In Trial 1, Grade 1 or 2 hypothyroidism occurred in 8% (21/268) of patients receiving OPDIVO and none of the 102 patients receiving chemotherapy. Grade 1 or 2 hyperthyroidism occurred in 3% (8/268) of patients receiving OPDIVO and 1% (1/102) of patients receiving chemotherapy. In Trial 3, hypothyroidism occurred in 4.3% (5/117) of patients receiving OPDIVO. Hyperthyroidism occurred in 1.7% (2/117) of patients, including one Grade 2 case. Monitor thyroid function prior to and periodically during treatment. Administer hormone replacement therapy for hypothyroidism. Initiate medical management for control of hyperthyroidism.

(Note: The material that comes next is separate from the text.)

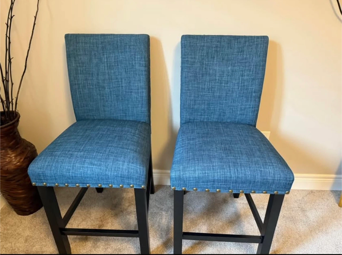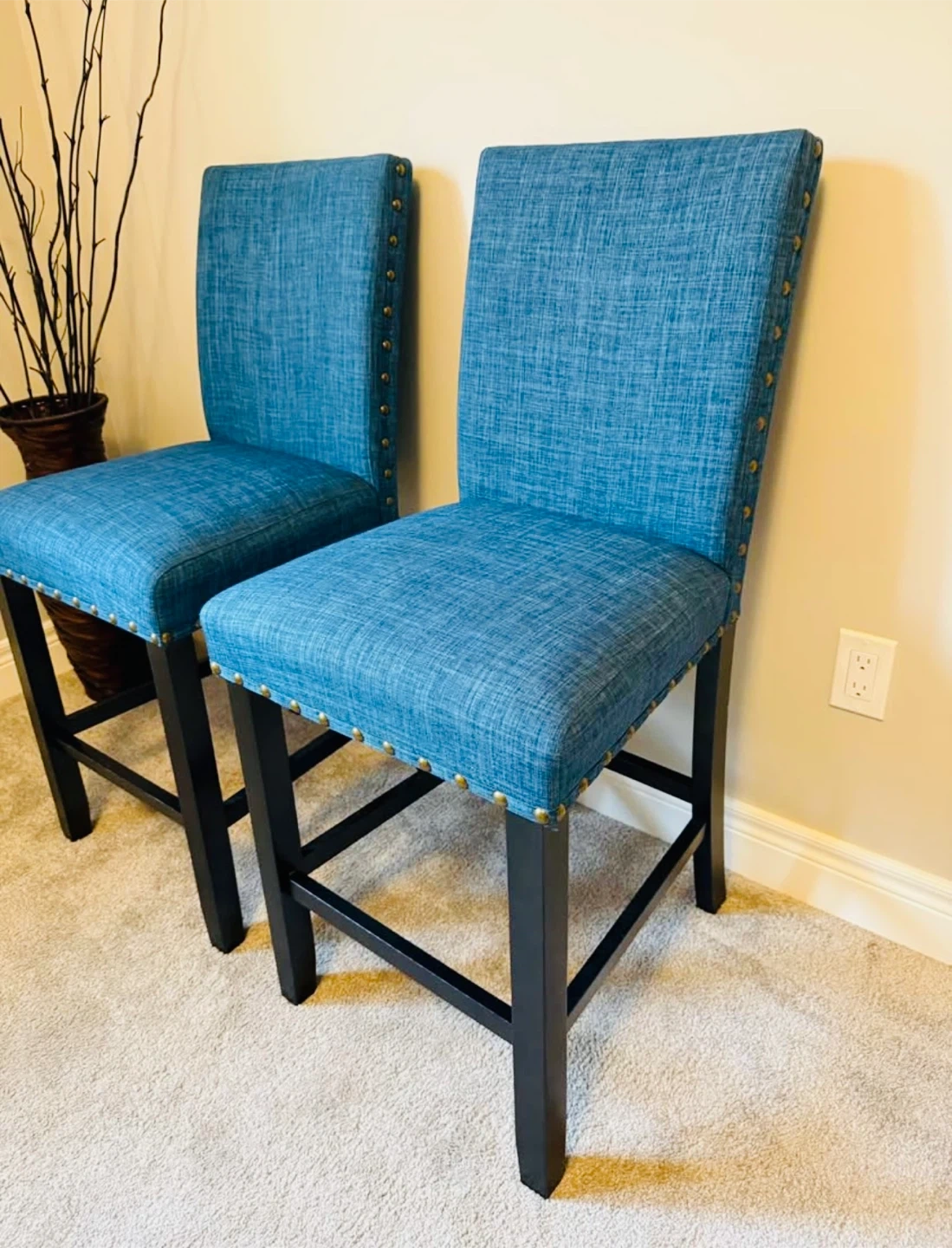 Beautiful like new stools , barely used . 40" H X 18.5" W X 19" D Seat Height - Floor to Seat 25" H Seat 16" W X 16.25"' D Seat Back 15" H

Other Immune-Mediated Adverse Reactions

In Trial 1 and 3 (n=385), the following clinically significant immune-mediated adverse reactions occurred in <2% of OPDIVO-treated patients: adrenal insufficiency, uveitis, pancreatitis, facial and abducens nerve paresis, demyeliniation, autoimmune neuropathy, motor dysfunction, and vasculitis. Across clinical trials of OPDIVO administered at doses 3 mg/kg and 10 mg/kg, additional clinically significant, immune-mediated adverse reactions were identified: hypophysitis, diabetic ketoacidosis, hypopituitarism, Guillain-Barré syndrome, and myasthenic syndrome. Based on the severity of adverse reaction, withhold OPDIVO, administer high-dose corticosteroids, and, if appropriate, initiate hormone- replacement therapy.

Embryofetal Toxicity

Based on its mechanism of action, OPDIVO can cause fetal harm when administered to a pregnant woman. Advise pregnant women of the potential risk to a fetus. Advise females of reproductive potential to use effective contraception during treatment with OPDIVO and for at least 5 months after the last dose of OPDIVO.

Lactation

It is not known whether OPDIVO is present in human milk. Because many drugs, including antibodies, are excreted in human milk and because of the potential for serious adverse reactions in nursing infants from OPDIVO, advise women to discontinue breastfeeding during treatment.

Serious Adverse Reactions

In Trial 1, serious adverse reactions occurred in 41% of patients receiving OPDIVO. Grade 3 and 4 adverse reactions occurred in 42% of patients receiving OPDIVO. The most frequent Grade 3 and 4 adverse drug reactions reported in 2% to <5% of patients receiving OPDIVO were abdominal pain, hyponatremia, increased aspartate aminotransferase, and increased lipase.
In Trial 3, serious adverse reactions occurred in 59% of patients receiving OPDIVO. The most frequent serious adverse drug reactions reported in ≥2% of patients were dyspnea, pneumonia, chronic obstructive pulmonary disease exacerbation, pneumonitis, hypercalcemia, pleural effusion, hemoptysis, and pain.
Common Adverse Reactions

The most common adverse reactions (≥20%) reported with OPDIVO in Trial 1 were rash (21%) and in Trial 3 were fatigue (50%), dyspnea (38%), musculoskeletal pain (36%), decreased appetite (35%), cough (32%), nausea (29%), and constipation (24%).